Signal Transduction: These ROS molecules oxidize specific cysteine residues on proteins (like PGC-1α), triggering a cascade that upregulates endogenous antioxidant defenses (SOD, Catalase) and mitochondrial biogenesis.
The Trap: Exogenous antioxidants (pills) “quench” the ROS signal before it can trigger the adaptation. You reduce the stress, but you also eliminate the adaptation to the stress.

2. The Age-Related Redox Shift

Young Physiology: High endogenous antioxidant capacity. Excess ROS production (exercise) is quickly buffered after the signal is sent.
Aged Physiology: Endogenous defense (Glutathione) is depleted. ROS production is chronically elevated (leaky mitochondria). The system is in a state of chronic, unresolving oxidative stress.
The Intervention Flip: Because the baseline stress is so high in the elderly, it crosses the threshold from “signaling” to “damage.” Here, antioxidants act as a buffer to bring ROS levels back down into the “signaling zone,” allowing exercise to work again.

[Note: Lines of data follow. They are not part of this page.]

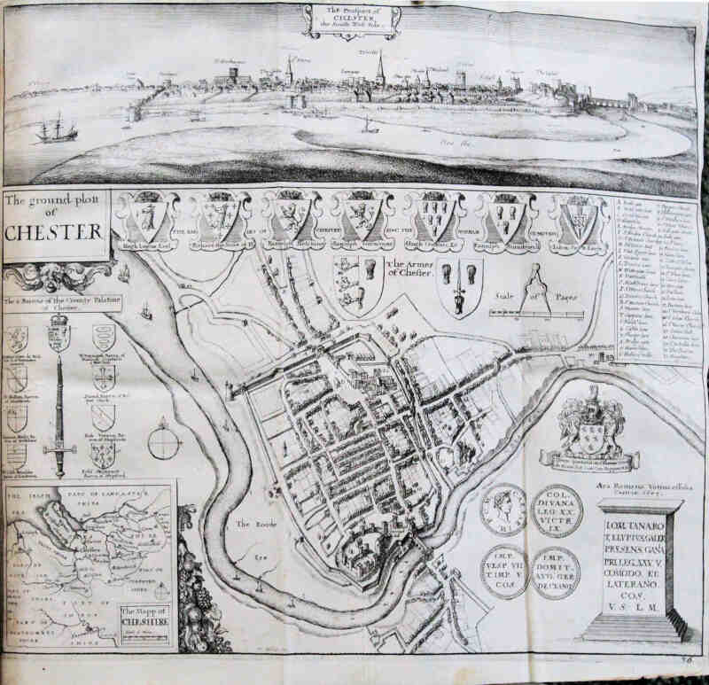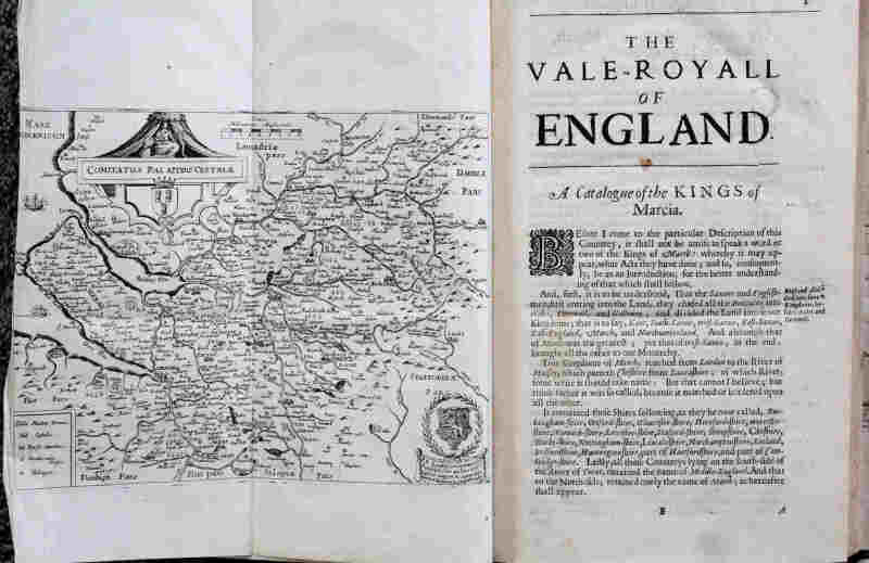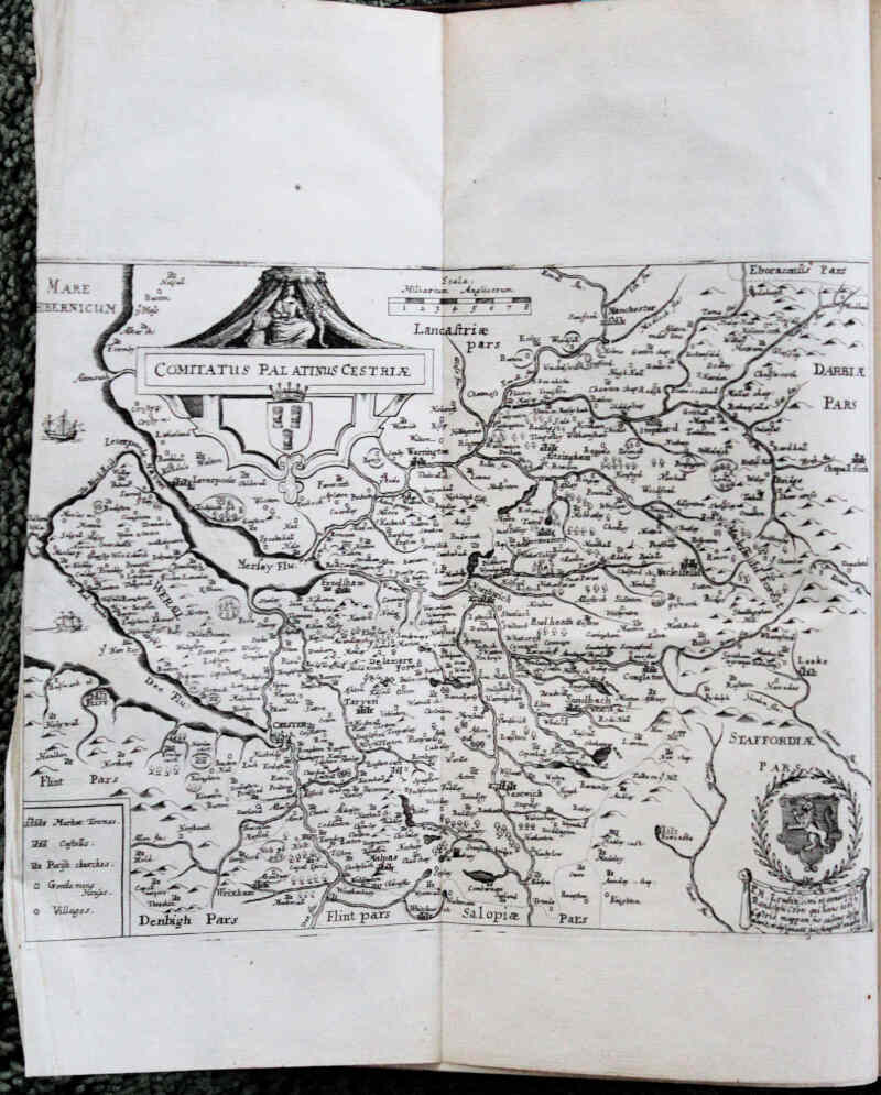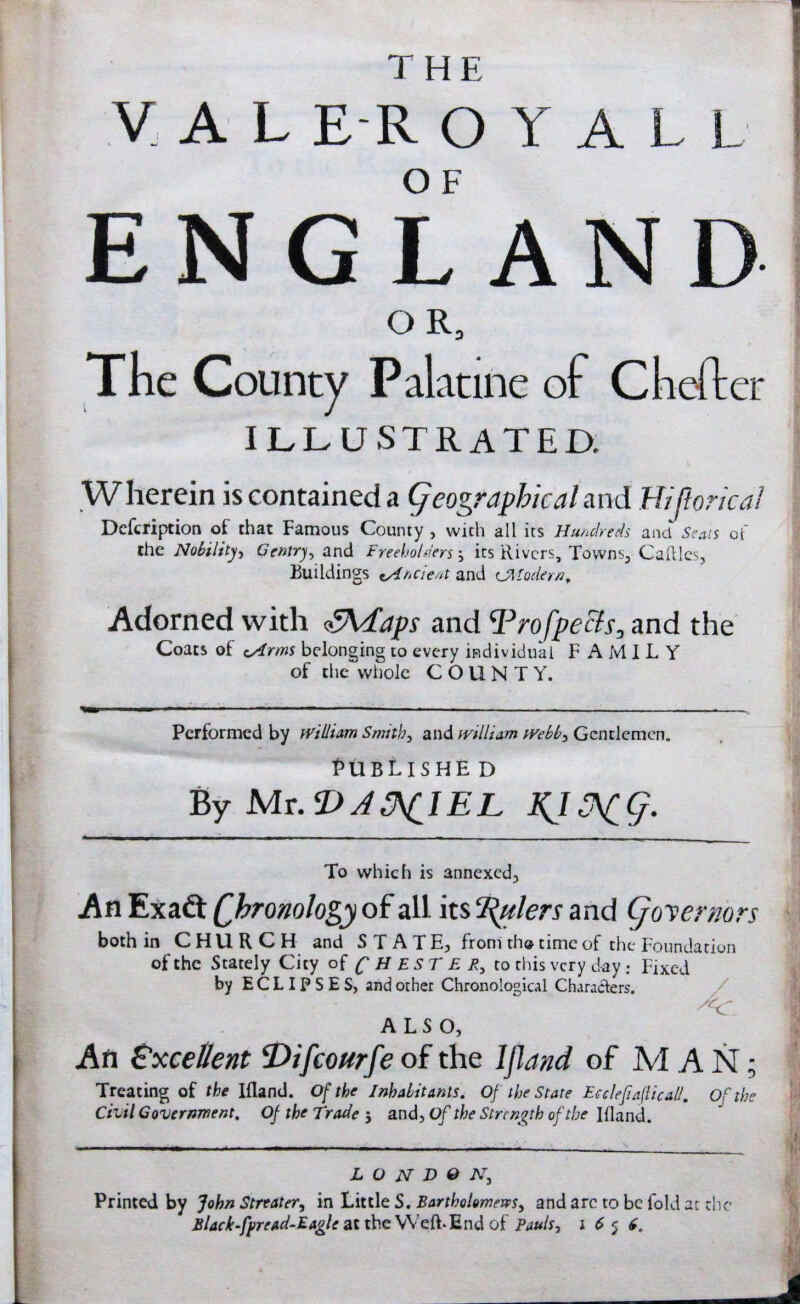 [Daniel King] The Vale-Royal of England, or, The County Palatine of Chester Illustrated, Daniel King, Chester 1656, bound with James Chaloner A Short Treatise of The Isle of Man, Daniel King, 1656; later full panelled calf, gilt title, raised bands; complete with 20 plates (three in text) and three folding maps. Occasional minor contemp. annotations o/w fine. Tall octavo (28 x 18.5cm).
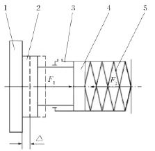 如圖1所示,F1為油壓力,F2為彈簧預壓縮力。顯而易見,盤形制動器是靠油壓力 F1松閘,彈簧預壓縮力 F2制動來實現其功能的。
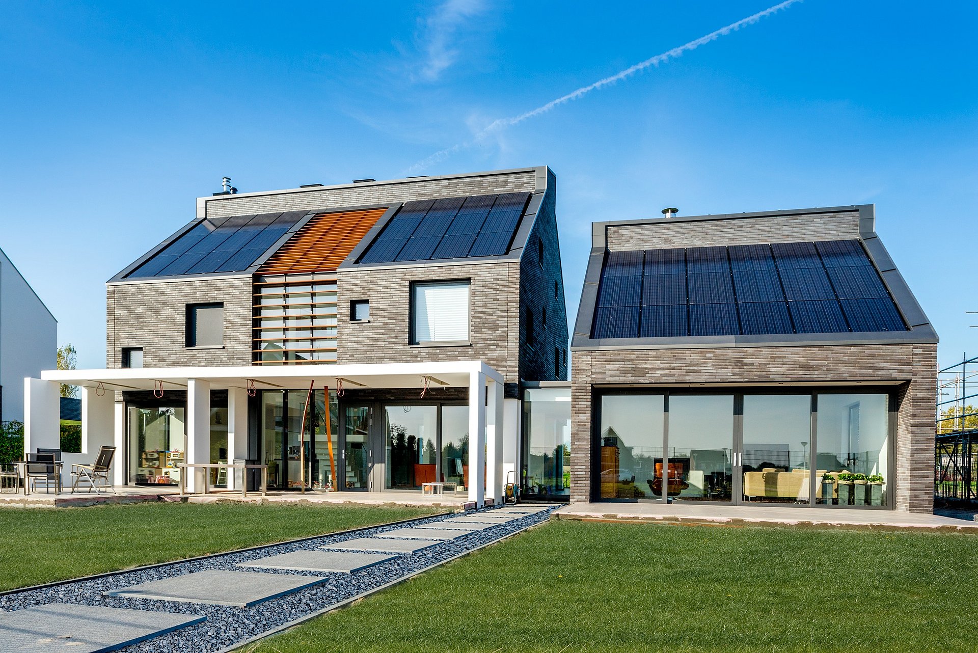De zonnepanelen zijn in het ontwerp van het dak geïntegreerd. Er is veel ruimte gecreëerd voor de duurzame installaties om te verwarmen en te koelen. Een warmtepomp staat buiten in de tuin.
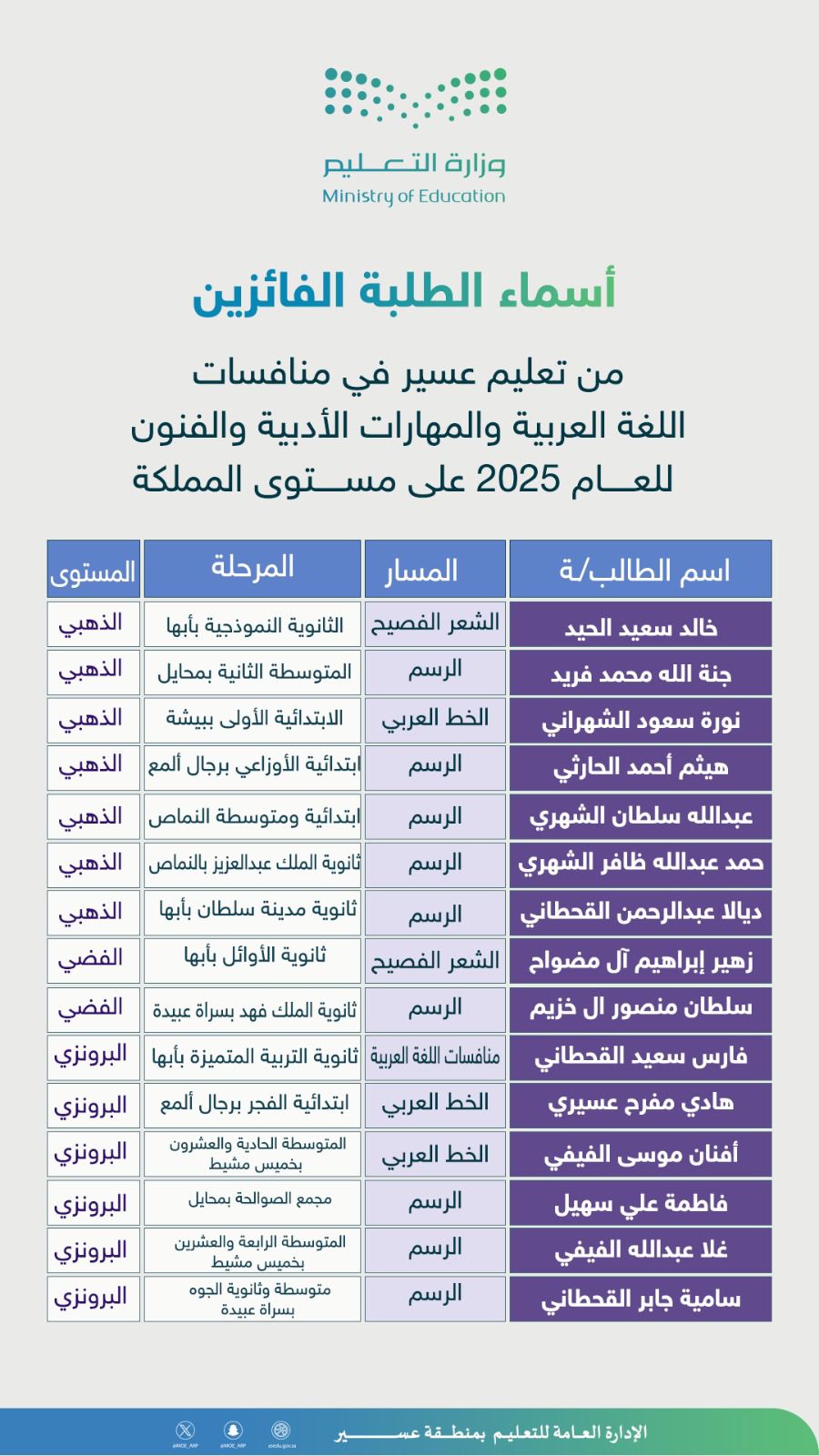 تألُّق 15 طالباً وطالبة بعسير في منافسات اللغة العربية على مستوى المملكة
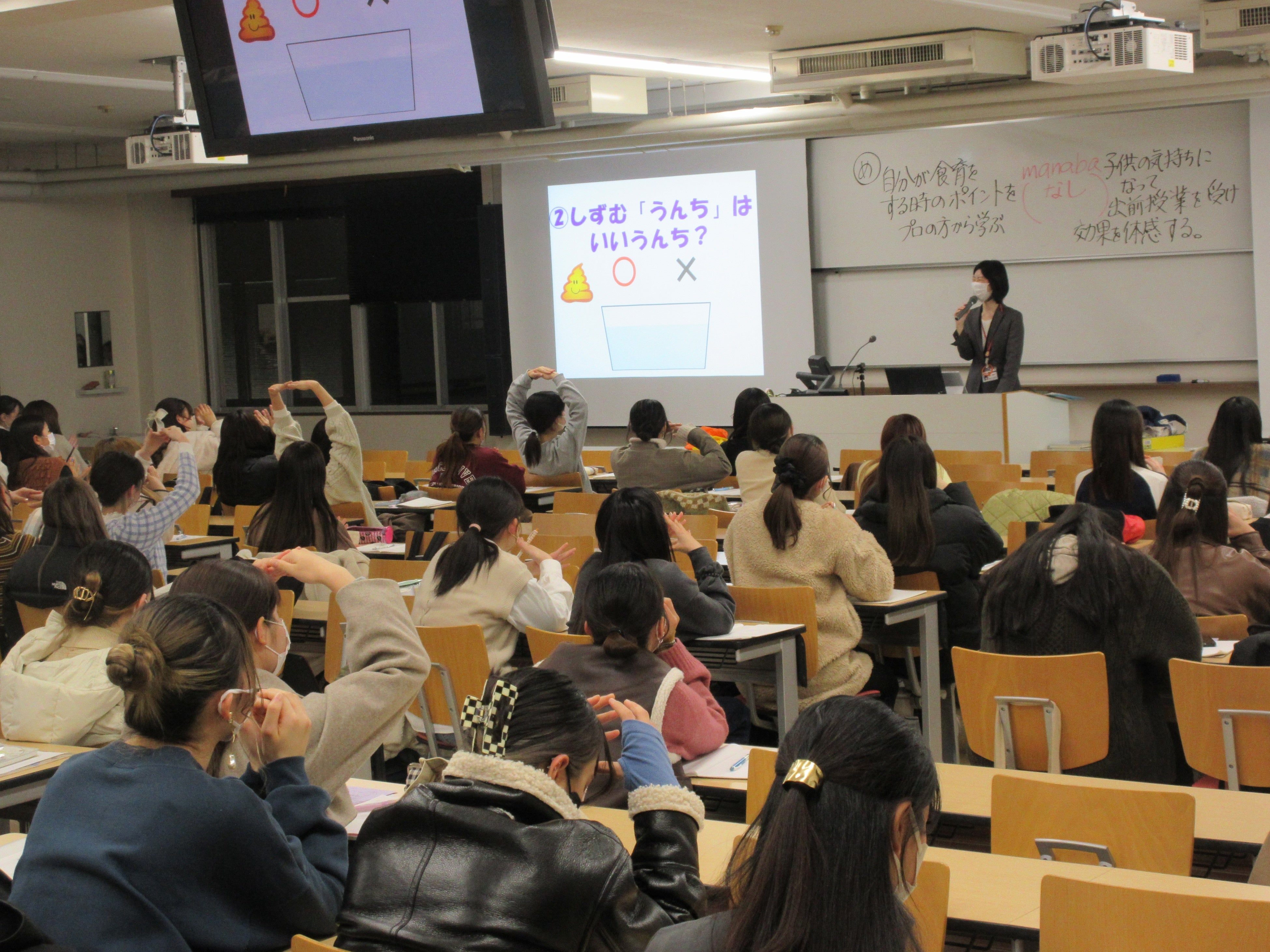 講座の後半は、小学生児童向けに行っている出前授業「おなか元気教室」の模擬授業や解説を行います。受講者は、授業の受け手側の視点で見ることで、教える側の伝え方や様々な授業スタイルの方法を体験いただいています。
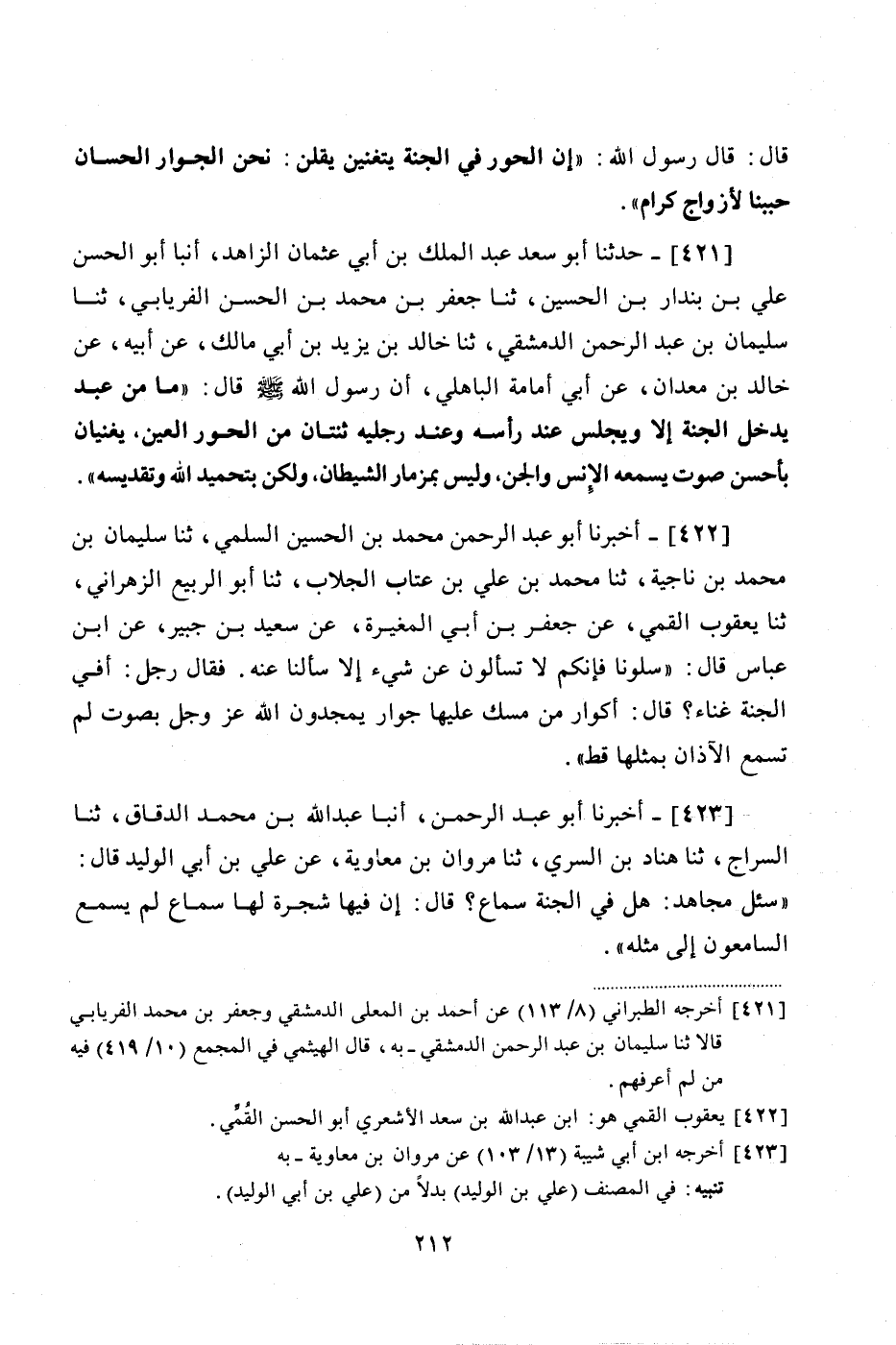 423 - (381) أَخْبَرَنَا أَبُو عَبْدِ الرَّحْمَنِ، أَنْبَأَ عَبْدُ اللَّهِ بْنُ مُحَمَّدٍ الدَّقَّاقُ، ثنا السَّرَّاجُ، ثنا هَنَّادُ بْنُ السَّرِيِّ، ثنا مَرْوَانُ بْنُ مُعَاوِيَةَ، عَنْ عَلِيِّ بْنِ أَبِي الْوَلِيدِ، قَالَ: " سُئِلَ مُجَاهِدٌ: هَلْ فِي الْجَنَّةِ سَمَاعٌ؟ قَالَ: «إِنَّ فِيهَا شَجَرَةً لَهَا سَمَاعٌ لَمْ يَسْمَعِ السَّامِعُونُ إِلَى مِثْلِهِ» #213# وَقَدْ رُوِيَ فِيهِ أَحَادِيثُ مَرْفُوعَةٌ أَسَانِيدُهَا ضَعِيفَةٌ بِمَرَّةٍ، فَتَرَكْتُ نَقْلَهَا

Visualizing the “Goldilocks Zone”:

Too Low ROS: No adaptation (Sedentary or Over-supplemented).
Optimal ROS: Strong Adaptation (Exercise in Youth).
Too High ROS: Cellular Damage/Senescence (Aging).
Goal: Keep ROS in the Optimal zone. Young people are naturally there; older adults need help (GlyNAC) to get back down to it.